Aerial Bigfoot Search In The Works As Idaho Scientist Jeffrey Meldrum Tries To Obtain Funding
An Idaho scientist is moving forward on his quest to discover Bigfoot, as he has recently been approved to obtain funding for a blimp, which will aide in the search.
Set to float over the U.S. mountain West in search of the mythic, apelike creature, Idaho State University has approved the unusual proposal of faculty member Jeffrey Meldrum, an anatomy and anthropology professor.
Despite the fact that Meldrum has reportedly been ridiculed by some peers for past research of a being whose existence is widely disputed by mainstream science, the professor is seeking to raise $300,000-plus in private donations to build the remote-controlled blimp.
The funds will also reportedly allow Meldrum to equip the blimp with a thermal-imaging camera and send it aloft in hopes of catching an aerial glimpse of Bigfoot, also known as sasquatch.

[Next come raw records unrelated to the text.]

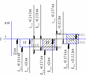 Рисунок 5 – Схема полей допусков для шпоночного соединения.
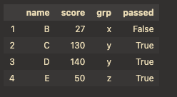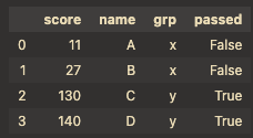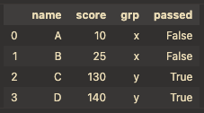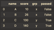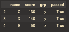 &,|를 사용해야함: df[(df["grp"]=="x")& (df["score"]>20)]
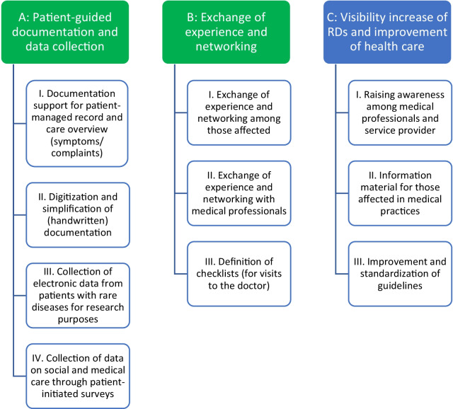 Conclusion: Qualitative, citizen science research can be used to collectively identify stakeholder needs, project topics and requirements for a digital application in specific areas, such as rare diseases.
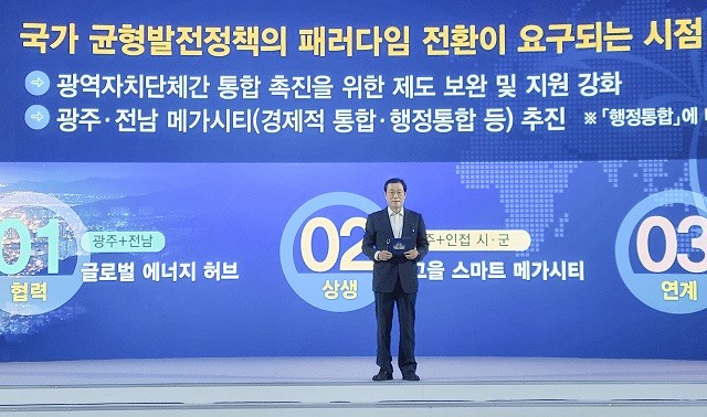 이 시장은 ‘광주·전남 초광역 협력 추진사례’ 발표를 통해 “광역자치단체 간 협력사업도 진일보한 것이지만, 그보다 더 중요한 것은 역사적 정체성이 같고 보완관계가 깊은 자치단체 간 통합이 촉진될 수 있도록 정부가 제도를 보완하고 지원을 강화해야 한다”고 강조했다.
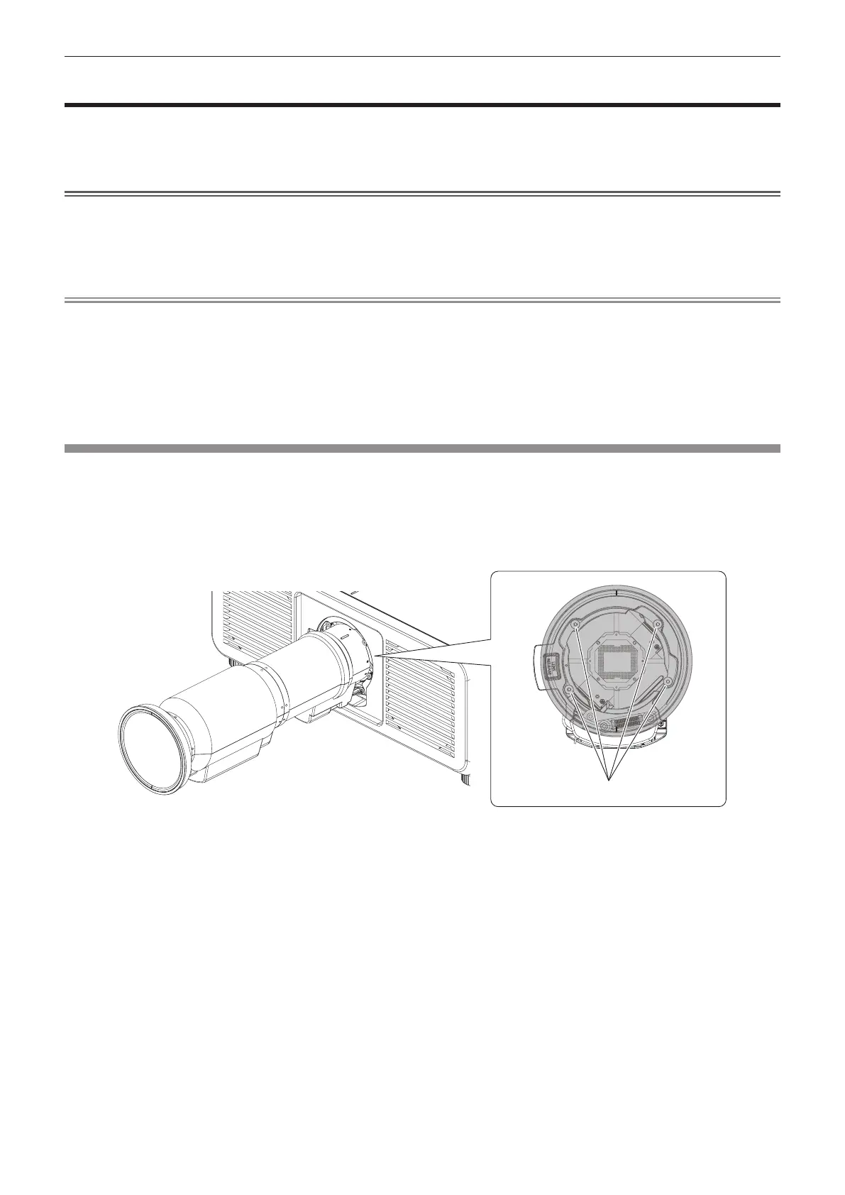 f For the adjustment procedure of the focus, zoom, and lens shift after attaching the projector lens, refer to “Adjusting the focus, zoom, and
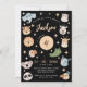 Cute Safari, Jungle, djurparker, ansikte födelsedag, svart inbjudan med elefant, giraffe, koala, lejon, zebra, krokodil, tiger, panda, fåglar, rhino och hippo.
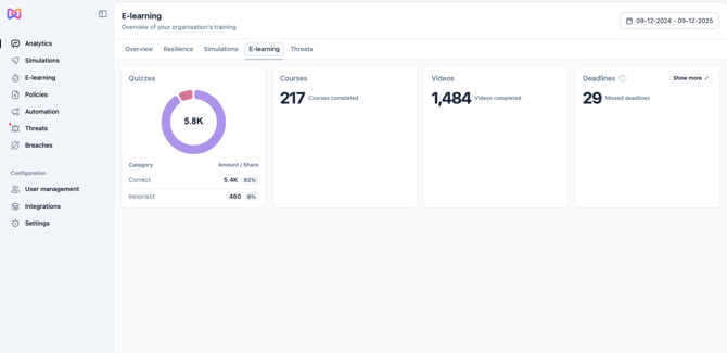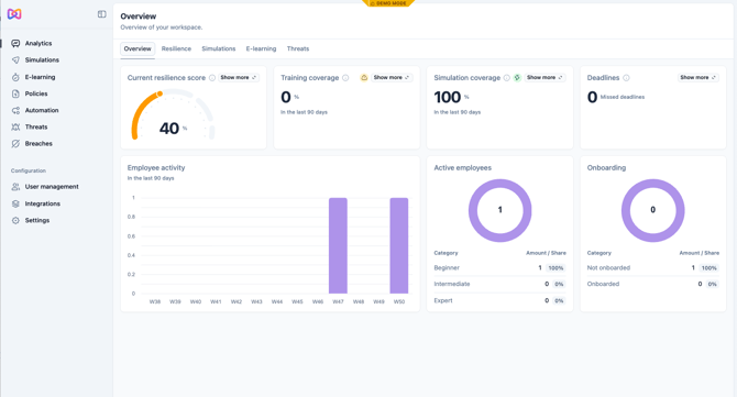 You will need to access the Analytics tab on the left of your Admin. This section compiles data and analysis from the various features of Moxso, including phishing Simulations, Training and Reporting.
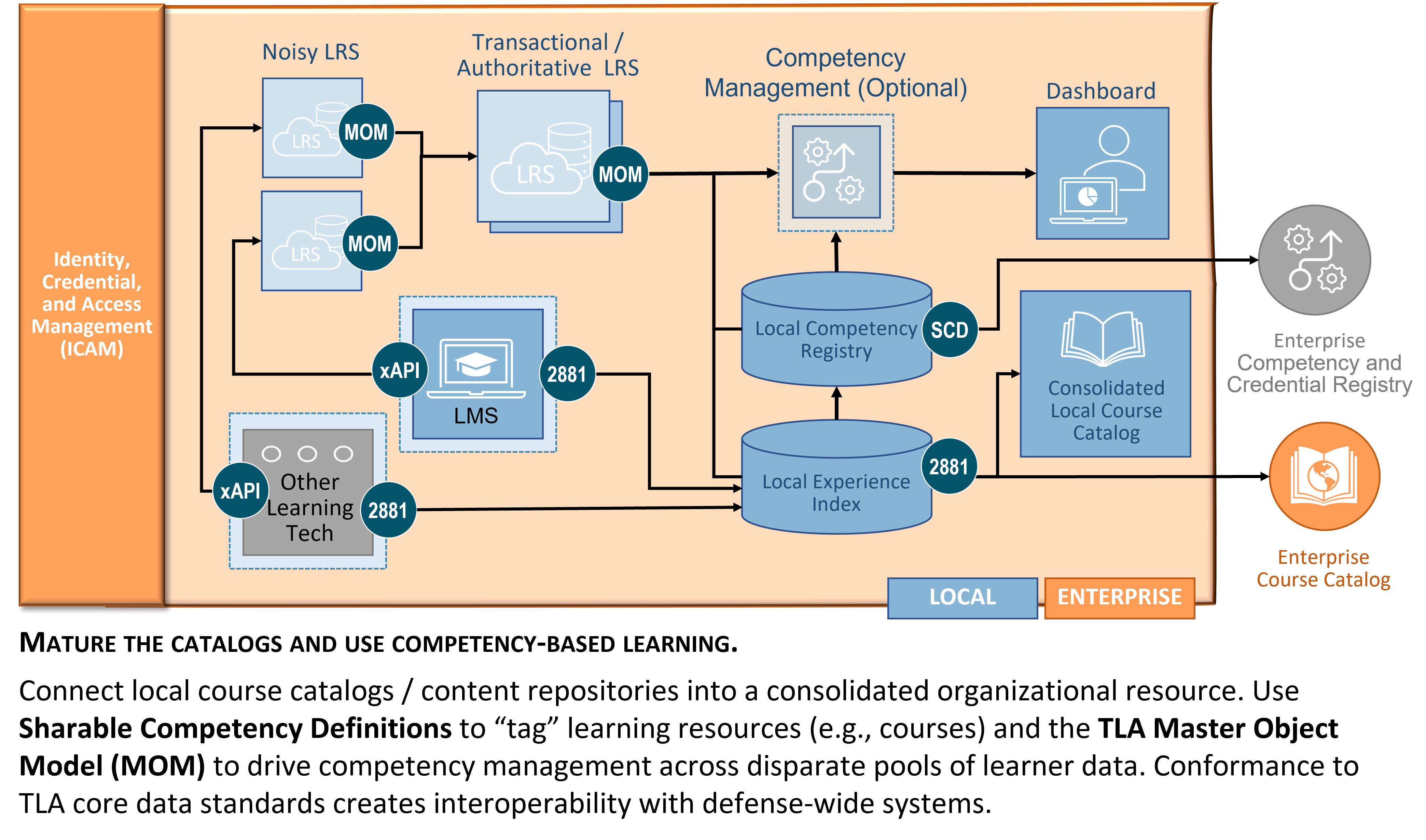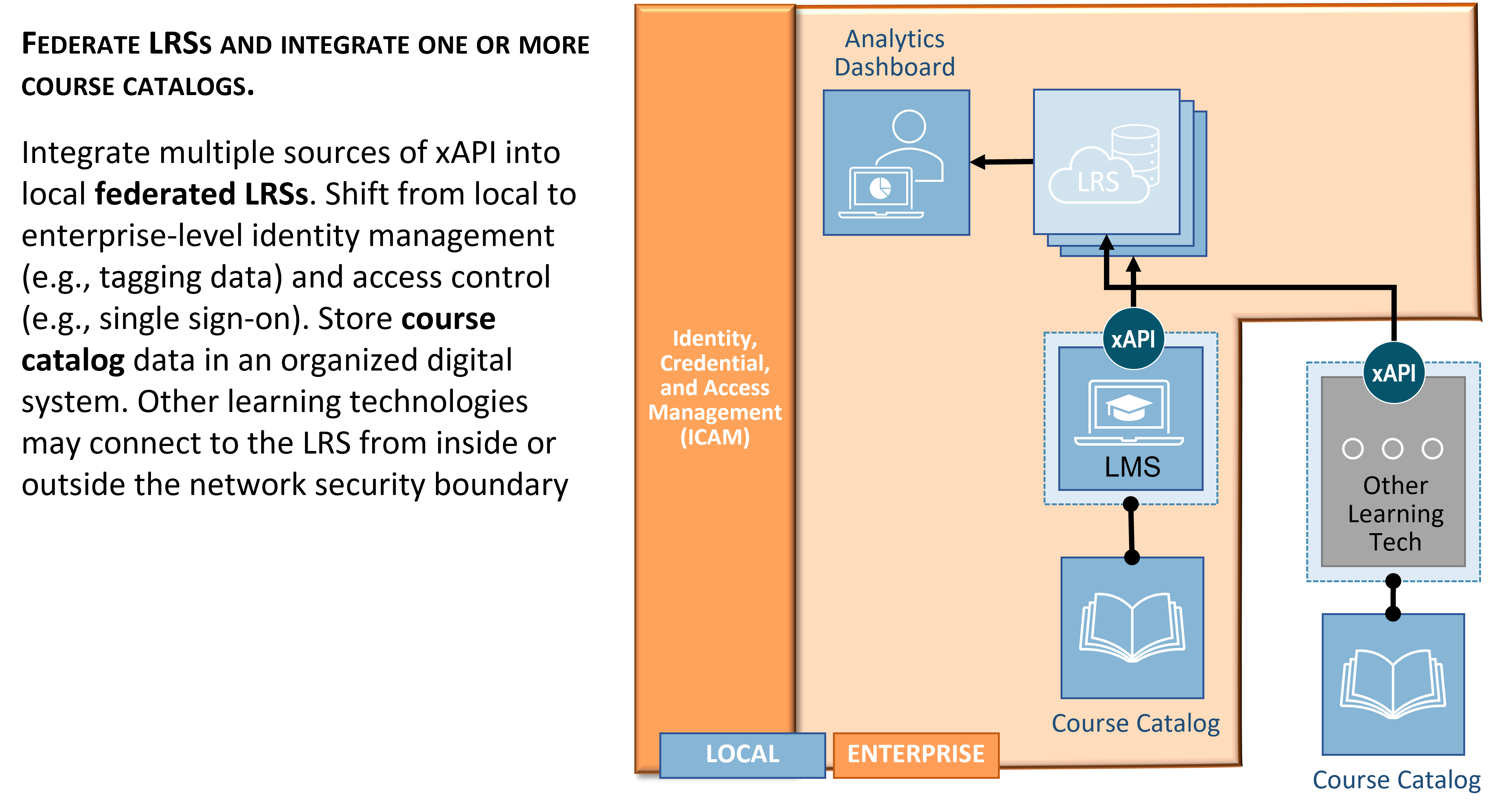 Figure 3. CMM Level 2: Federated Learner Record stores (LRSs) support the aggregation and analysis of learning data at the enterprise level. It may include numerous, interconnected LRS solutions that support the myriad of learning activities and platforms available in an organization. This requires enterprise level services and the adoption of governance procedures to standardize learner identity, data labeling, and data reporting to enable enterprise analytics. Level 2 introduces an enterprise approach to ICAM, which enables performance tracking for learners across numerous disparate systems. This level of maturity also introduces the concept of a course catalog for describing courses, activities, and other learning resources within the organization. Learner performance is tied to catalog descriptions using the TLA Master Object Model (MOM) (opens new window) and each activity's catalog identifier. A single organization may have multiple different course catalogs that are used (e.g., to support different types of learning). For example, an organization may have a course catalog that resides inside its LMS, a website with a listing of serious games, or a simulator system that includes a scenario library. Each catalog system at this level is disconnected from the other catalogs.

Meldrum, who is the author of "Sasquatch: Legend Meets Science," told Reuters reporter Laura Zuckerman that the project represents a giant leap in the quest for an animal he believes may have descended from a giant ape that once inhabited Asia and crossed the Bering land bridge to North America.
"The challenge with any animal that is rare, solitary, nocturnal and far-ranging in habitat is to find them and observe them in the wild; this technology provides for that," he said.
The lack of concrete evidence besides reported sightings, elaborate hoaxes and the alleged discovery of huge footprints in the forests of the Pacific Northwest and elsewhere, has led many scholars to discount Bigfoot as a phenomenon borne of myth.
There is no Bigfoot," University of Iowa anthropologist Russell Ciochon told Reuters.
According to Zuckerman, the blimp-based search - dubbed the Falcon Project - was the brainchild of William Barnes, a Utah man who said he encountered Bigfoot in 1997 in northern California.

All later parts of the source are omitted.